Deep InfoMax

字数统计: 1.5k阅读时长: 7 min

 2020/05/21   Share

Materials

ICLR-2019 paper “LEARNING DEEP REPRESENTATIONS BY MUTUAL INFORMATION ESTIMATION AND MAXIMIZATION”
ICLR-2016 paper “DCGAN”
Pytorch DCGAN tutorial

Motivation

Maximizing global MI is not sufficient to learn useful representations. We show that structure matters: incorporating knowledge about locality in the input into the objective can significantly improve a representation’s suitability for downstream tasks. We further control characteristics of the repre- sentation by matching to a prior distribution adversarially.

Structure of Introduction

We show that pure global MI maximization doesn’t learn useful representation.
Structure matters: use global/local MI maximization improves the representation quality hugely.
Representational characteristics like INDEPENDENCE is also very important. We combine MI maximization with prior matching in a manner similar to adversarial autoencoders (AAEs) to constrain representations according to desired statistical properties.

Model Theory

这一块参考previous blog.

Global/local MI Maximization

The objective above can be used to maximize MI between input and output, but ultimately this may be undesirable depending on the tasks. Suppose the intermediate representation of the input preserves the characteristics of locality, which is represented as $C_{\psi}(x):=\left\{C_{\psi}^{(i)}\right\}_{i=1}^{M}$ , and $E_{\psi}(x)=f_{\psi} \circ C_{\psi}(x)$. Define our MI estimator on global/local pairs, maximizing the average estimated MI:

$(\hat{\omega}, \hat{\psi})_{L}=\underset{\omega, \psi}{\arg \max } \frac{1}{M} \sum_{i=1}^{M} \widehat{I}_{\omega, \psi}\left(C_{\psi}^{(i)}(X) ; E_{\psi}(X)\right)$

Matching representations to a prior distribution

Absolute magnitude of information is only one desirable property of a representation; depending on the application, good representations can be compact, independent, disentangled, or independently controllable. 这一段话表明了其实关于representation quality本身的evaluation是多样的，对于不同的评估维度算法可能会有不同的表现。和VAE类似的是，文章将学到的representation的分布和自己预设的prior分布相匹配起来，通过类似于GAN的对抗生成训练方法来最小化两者之间的divergence.

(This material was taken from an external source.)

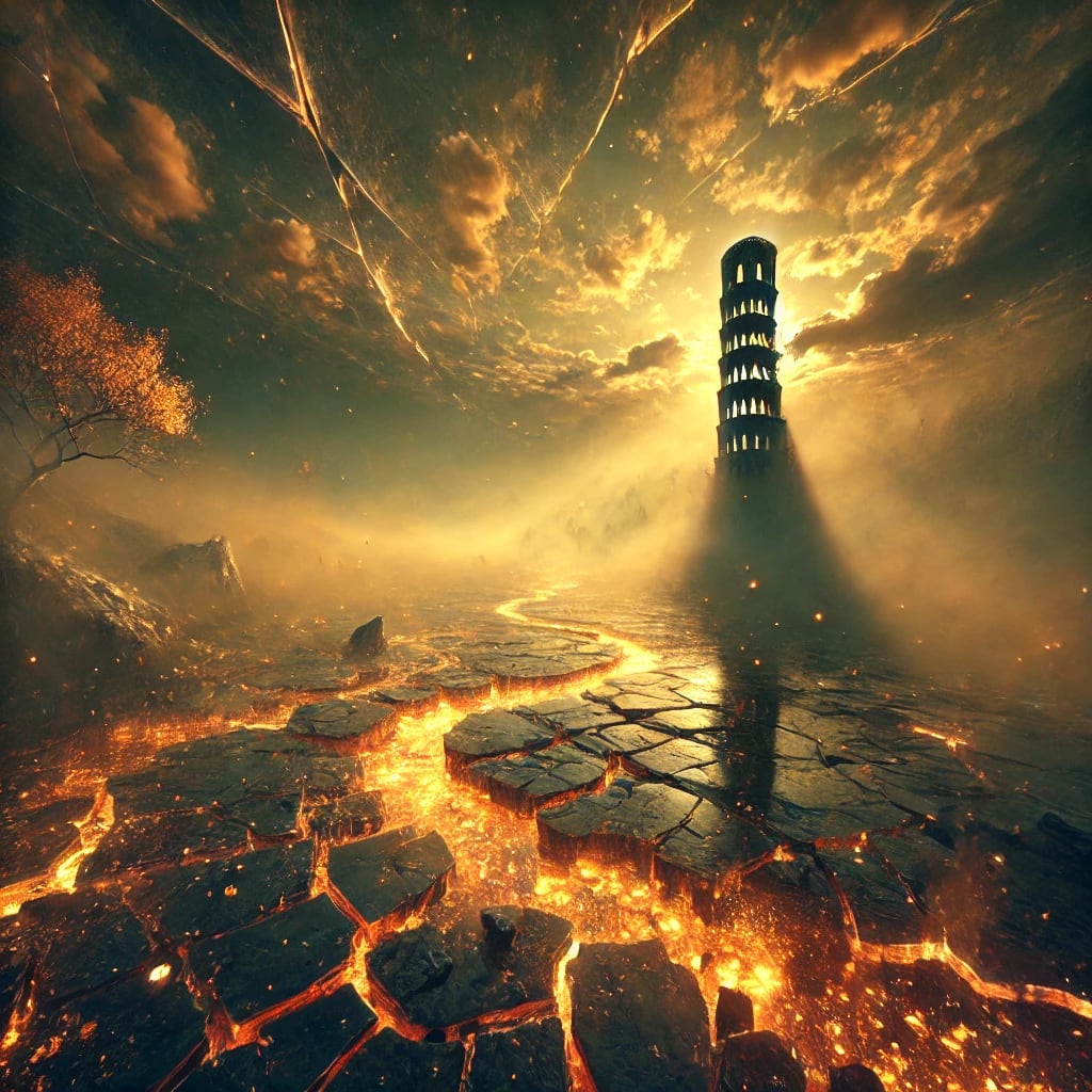 Beneath a sky of fractured gold,

$(\hat{\omega}, \hat{\psi})_{P}=\underset{\psi}{\arg \min } \arg \max _{\phi} \widehat{\mathcal{D}}_{\phi}\left(\mathbb{V} \| \mathbb{U}_{\psi, \mathbb{P}}\right)=\mathbb{E}_{\mathbb{V}}\left[\log D_{\phi}(y)\right]+\mathbb{E}_{\mathbb{P}}\left[\log \left(1-D_{\phi}\left(E_{\psi}(x)\right)\right)\right]$

其中$V$就是我们的prior distribution, $U$就是得到的representation空间上的分布。

Final Optimization Objective

最终我们得到了Deep InfoMax的优化目标，一共有三部分组成：global MI + global/local MI + prior matching.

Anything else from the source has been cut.